Väter sind lieber im Büro als zu Hause bei den Kindern: Soziologe Martin Schröder erklärt den brisanten Befund seiner Studie.

Hat das Vatersein noch immer zu wenig Prestige? Die ausgewerteten Daten lassen es vermuten. Foto: Maskot, Getty Images
Hat das Vatersein noch immer zu wenig Prestige? Die ausgewerteten Daten lassen es vermuten. Foto: Maskot, Getty Images

Väter, die 100 Prozent arbeiten, sind zufriedener als Väter, die Teilzeit arbeiten und häufiger zu Hause sind. Überrascht?
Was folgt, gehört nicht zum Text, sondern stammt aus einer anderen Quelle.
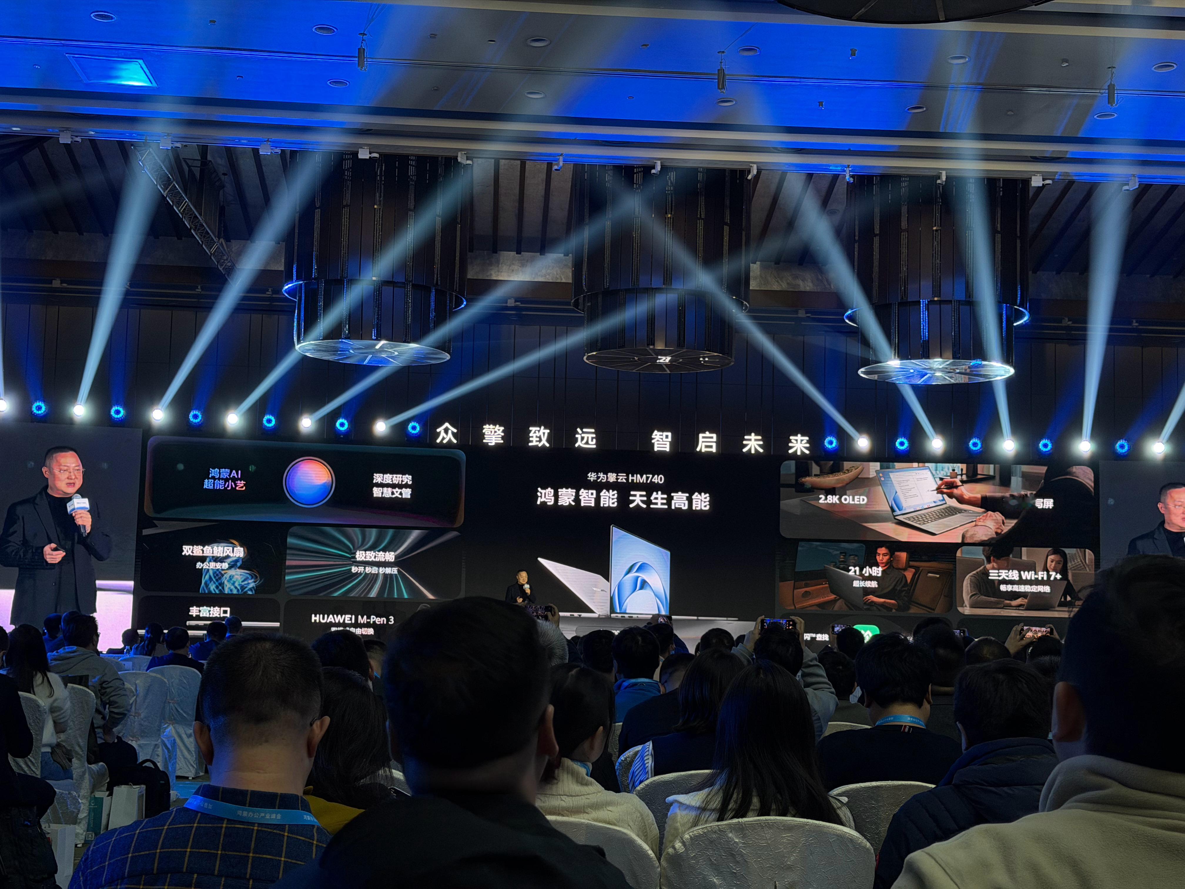 新一代鸿蒙电脑发布 作为新一代鸿蒙电脑,华为擎云 HM740聚焦政企移动办公需求,内置70Wh大容量电池,是华为推出的迄今续航最长的电脑,可实现21小时1080P本地视频播放或15小时语音会议,同时配备丰富接口以支持全场景扩展。搭载2.8K旗舰级OLED屏幕,具备120Hz高刷新率、高色域、高亮度,以及专业护眼能力,支持HUAWEI M-Pen 3多功能笔。凭借从系统到生态的全链路自主可控,华为擎云 HM740为金融、能源、政务等关键行业打造了新一代生产力。

Tatsächlich ging ich davon aus, dass ­Väter gern mehr Zeit mit ihrer Familie verbringen würden. Meine Studie zeigt jedoch: Väter sind zufriedener, wenn sie länger im Büro bleiben dürfen. Vollzeit arbeitende Väter sind sogar zufriedener als kinderlose Männer, die 100 Prozent arbeiten. Dieser auf den ersten Blick überraschende Befund deckt sich auf den zweiten Blick mit Erkenntnissen anderer Forschungsarbeiten. Verschiedene ältere Studien zeigen, dass Männer vor der Geburt ihrer Kinder oft erklären, sie würden ihr Arbeitspensum nach der Geburt reduzieren. Doch wenn das Kind einmal da ist, arbeiten sie mehr als zuvor.